Regulation outlines USDA's statutory authority to hire temporary contractors and external evaluators without regard to civil service laws, with appropriation limits and 6-month term caps.

Reason

This authority enables the USDA to rapidly access specialized technical expertise for time-bound projects (e.g., crop inspections, research studies) that civil service hiring cannot accommodate due to rigid classifications and lengthy processes. The statutory time limits (6 months per fiscal year) and appropriation constraints prevent abuse for circumventing permanent civil service positions, while maintaining accountability. Without this flexibility, critical agricultural operations would face costly delays, harming farmers, food security, and rural economies that depend on timely USDA services.

keep PART 436—CONSTRUCTION AND ARCHITECT-ENGINEER CONTRACTS 48-CFR-436 · 2024
Summary

USDA construction procurement procedures covering bidding methods, contract award authority, waiver processes, required contract clauses, architect-engineer evaluation boards, and determination authority delegations.

Reason

These procurement safeguards prevent fraud, ensure competition, and protect taxpayer dollars in federal construction spending; removal would increase risks of favoritism, waste, and poor project outcomes while reducing predictability for contractors.

keep PART 434—MAJOR SYSTEM ACQUISITION 48-CFR-434 · 2024
Summary

USDA internal regulation defining 'major system' criteria (≥$50M cost or executive designation) and establishing governance structure for acquisition decisions, assigning roles to Secretary, CIO, ASA, and program managers in major IT/non-IT system procurement processes per OMB Circular A-11 and FAR.

Reason

This is internal agency management guidance, not a substantive regulation imposing costs or restrictions on the public.
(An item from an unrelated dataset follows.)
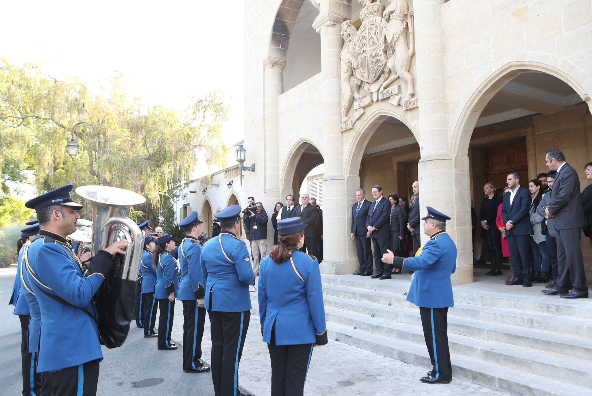 Τα Κάλαντα από τις φιλαρμονικές της Στρατιωτικής Μουσικής της Εθνικής Φρουράς και της Ελληνικής Δύναμης Κύπρου άκουσε στο Υπουργείο Αμυνας, ο Χριστόφορος Φωκαίδης.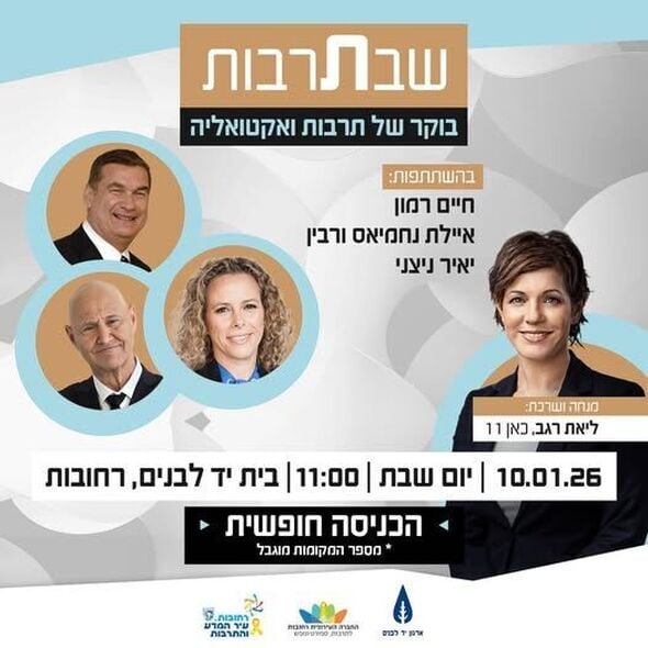 אירוע "שבתרבות" ברחובות יתקיים ביום שבת, ה-10 בינואר, בשעה 11:00. האירוע יציע בוקר של תרבות ואקטואליה, הכולל מפגש עם דוברים ויוצרים לשיח פתוח על חברה, פוליטיקה, תרבות והחיים עצמם. את האירוע תנחה ותערוך העיתונאית ליאת רגב מערוץ כאן 11.

It establishes oversight for large USDA acquisitions, which promotes fiscal responsibility. Its removal would not reduce any regulatory burden on citizens or businesses and could lead to wasteful spending, making Americans worse off through misused tax dollars.
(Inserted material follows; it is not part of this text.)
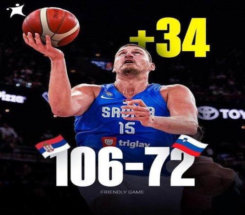 欧锦赛热身赛,塞尔维亚男篮106比72大胜斯洛文尼亚男篮。塞尔维亚球星约基奇表现高效,他全场出战19分钟,贡献10分(两分球4投4中,罚球2投2中)、8个篮板和4次助攻。相比之下,东契奇在进攻端表现不佳,他出战27分钟得到17分(两分球8投2中,三分球10投2中,罚球9罚7中),同时有7个篮板、4次助攻。其他球员方面,尼古拉·约基奇拿下全场最高的18分,博格丹·博格丹诺维奇贡献14分,特里斯坦·武克切维奇得到10分。这样一来,塞尔维亚男篮热身赛取得七战全胜的战绩,而斯洛文尼亚则仅在六场热身赛中赢下一场。

keep PART 433—PROTESTS, DISPUTES AND APPEALS 48-CFR-433 · 2024
Summary

Delegates authority for coordinating GAO bid protests to the Senior Procurement Executive and empowers the Assistant Secretary for Administration to determine applicability of the Contract Disputes Act to foreign government contracts, establishing clear lines of responsibility within federal procurement.

Reason

Deleting this delegation would create bureaucratic confusion, inconsistent application of procurement dispute rules, and delay resolution of protests, undermining fair competition in government contracting and increasing opportunities for waste and favoritism. The designated roles ensure accountability, specialized expertise, and efficient dispute resolution that would be lost through ad hoc decision-making.

delete PART 432—CONTRACT FINANCING 48-CFR-432 · 2024
Summary

Defines roles and establishes procedural requirements for USDA contract financing, including advance payments, unusual financing, annual reporting, and restrictions on consulting services.

Reason

The regulation imposes unnecessary bureaucratic overhead through complex approval chains, mandatory determinations and findings, and procedural requirements that increase compliance costs, delay contracting, and create disproportionate burdens on small businesses without serving any compelling public interest.